Police pressure is seeing families flee the Cañada Real Galiana shantytown in Madrid

A ghetto within a ghetto, El Gallinero, or the Chicken Roost, has been home to around 100 Romanian Gypsy families since they moved to the Cañada Real Galiana shantytown on the eastern edge of Madrid in 2007.

Conditions for the other 45,000 inhabitants of Cañada Real are grim, but in the hierarchy of misery in the EU's largest slum of this kind, located just 15 minutes from the center of the capital, the Romanian Gypsies have always been at the very bottom of the pile. Living on less than 100 euros a month in ramshackle huts without electricity or running water, some families had resorted to stealing copper wire and selling it at rock-bottom prices. A byproduct of this activity was a huge amount of plastic casing, which had been stripped from the wiring and left in piles around the slum.

The families that have left were linked to men arrested for stealing copper
"They are putting pressure on them so that they will leave," says a volunteer

In late November, the Civil Guard put a stop to the illicit trade, raiding El Gallinero and arresting 37 men, 25 of whom are being held, accused of violent robbery. Since then, a growing number of families has begun to drift away, with at least a quarter of them abandoning their makeshift homes already, according to Church groups and other outreach volunteers who work in the area.

The remaining families say that they are likely to follow suit, accusing the police of a systematic policy of harassment, or because they have been issued with expulsion orders or face arrest.

They add that the families that have left were linked to the men arrested for stealing copper and other metals such as aluminum.

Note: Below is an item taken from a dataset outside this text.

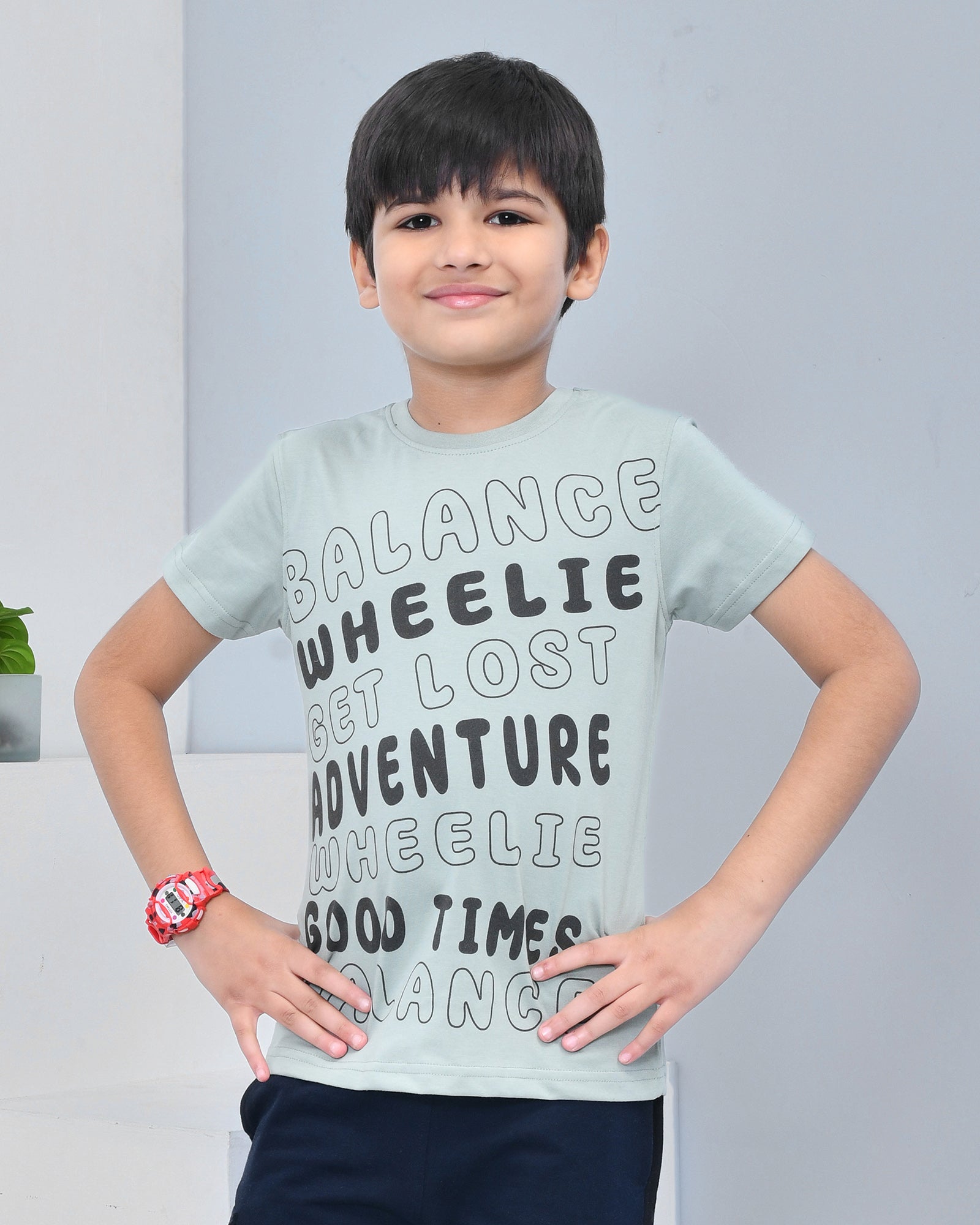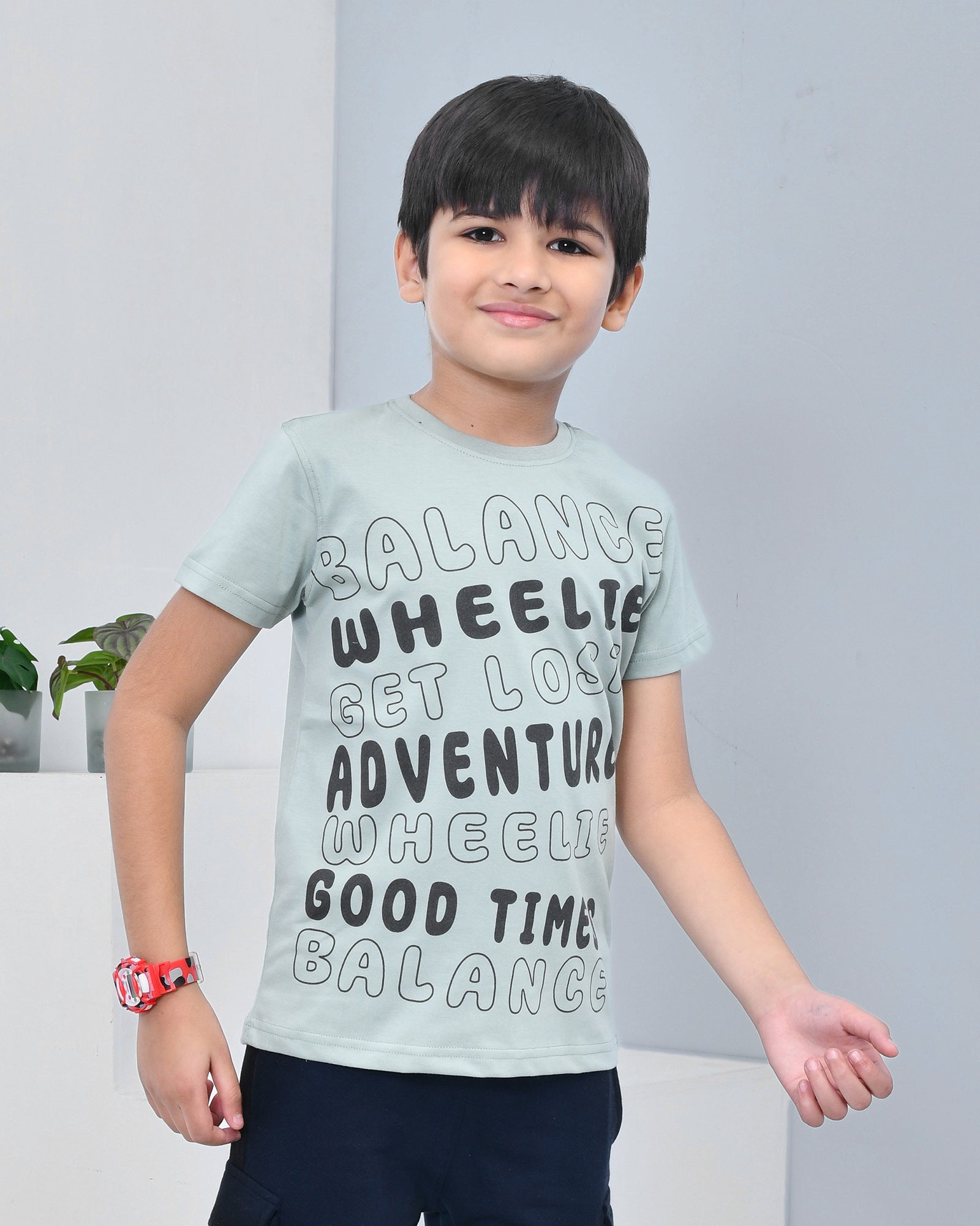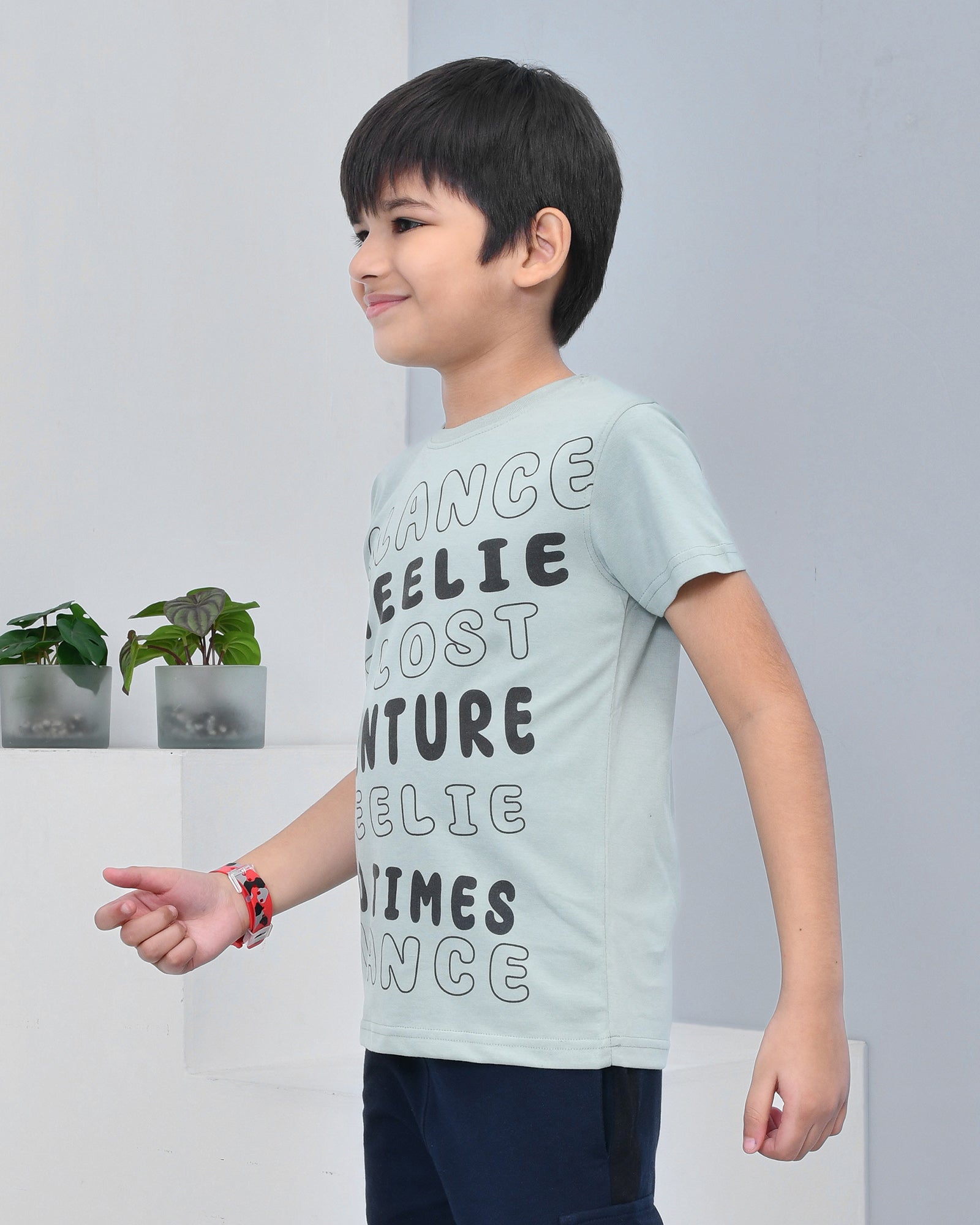 Youmaa 100% Cotton Half Sleeves Typography Printed T-Shirt - Green

The Civil Guard says that those remaining lack the means to leave, adding that they are not linked to the trade in stolen metals, and, as EU citizens, are entitled to be in Spain. They continue to scratch a living by begging in the center of Madrid, or by working for the Spanish Gypsies living in other areas of Cañada Real.

The remaining residents say that the uniformed officers of the National Police are making life hard for them, and seem determined to clear the area. They say that officers make regular late-night visits to demand to see papers, that they even throw stones at the huts, and have damaged cars in a bid to force the Romanians to move on. A spokesman for the National Police said that they have the area under surveillance, and routinely visit houses to ask for documentation, but denied any abuse of residents.

"They are putting pressure on them so that they will leave," said Jorge Fernández, a volunteer based at the nearby parish church of Santo Domingo de la Calzada. Javier Baeza, of the San Carlos Borromeo, also close by, said that some residents have formally complained to the authorities, accusing police officers of entering houses without a search warrant and of abuse.

Daniel Vasili, a resident of El Gallinero, who is 27 and has a family of six, said that he wants to leave. "I am tired of seeing my children cry every time the police appear." Oprisan Stan, aged 28, with two children, accuses the police of throwing stones at his house.

But poverty is the driving factor behind the decision of so many families to leave. The economic crisis has hit them hard, drying up the little building work that used to be available. Unable to find work, the men sit around El Gallinero, while their wives cook in the doorway to the house and rats scurry among the refuse and debris that litters the area.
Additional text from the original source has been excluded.